European Medicines Agency (EMA) and EU member state national agencies offer Scientific Advice (SA) to medicine developers at any stage of the development process. This advice can be extremely helpful to sponsors in designing trials and maximizing the chance of success at Marketing Authorization Application (MAA). When it comes to reimbursement, national Health Technology Assessment (HTA) bodies inform reimbursement and coverage decisions, in which case HTAs include clinical benefit assessment and economic evaluation. A number of Health Technology Assessment (HTA) bodies propose HTA advice. However, divergences exist between Regulators and HTA bodies, as well as between different HTA bodies. The parallel consultation offered by EUnetHTA and the European Medicines Agency (EMA) since July 2017 is the unique opportunity to achieve a consensus between HTA bodies and EMA. This process aims to allow medicine developers to obtain simultaneous feedback from regulators and HTA bodies on their development plans to maximize their chance of marketing authorisation and reimbursement.

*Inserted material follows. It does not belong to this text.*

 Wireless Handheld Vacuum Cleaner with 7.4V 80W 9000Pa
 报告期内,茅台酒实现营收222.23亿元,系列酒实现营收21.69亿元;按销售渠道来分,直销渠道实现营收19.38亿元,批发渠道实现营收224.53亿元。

In this webinar we will discuss with case studies how easy and feasible is the parallel consultation in practice, what should the sponsors be aware of, as well as the opportunities and pitfalls of seeking this process.
Key learning objectives:
- Understand the benefits of EMA scientific advice, HTA advice and parallel consultation
- Know the alternative options when parallel consultation isn’t applicable or the best choice
Gabrielle Nayroles, MSc, Director, Market Access
As a Market Access Director at Voisin Consulting Life Sciences (VCLS), Gabrielle works in close collaboration with life science companies and her VCLS colleagues to provide market access strategic insight to ensure that portfolio strategy is led by optimum ROI/risk ratio and that and the technology development plan address payers’ requirements.
Delphine Kazancigil, Pharm.D, M.Sc, Director, Regulatory Science, Drugs & Biologics
Delphine Kazancigil is Director in VCLS’s office in Paris. She is an experienced regulatory science professional who has an in-depth knowledge of the European (EU) legislation and regulatory requirements.Delphine assists clients with her scientific, technical and regulatory expertise in the design of products development plans and associated regulatory and registration strategies. In particular, she has significant experience in writing pediatric investigational plans (PIP), including recommendations on the design of the PIP and in writing orphan drug designation (ODD) applications in the EU
Florence Bine-Scheck, MD, Senior Medical Director
As Senior Medical Director with VCLS, Florence is Head of the Non Clinical and Clinical Development group. She provides advice on medical and clinical aspects of projects involving the design of clinical development plans, clinical trial protocols, Scientific Advice Procedures, regulatory document writing, Risk Management Plans and Paediatric Investigation Plans.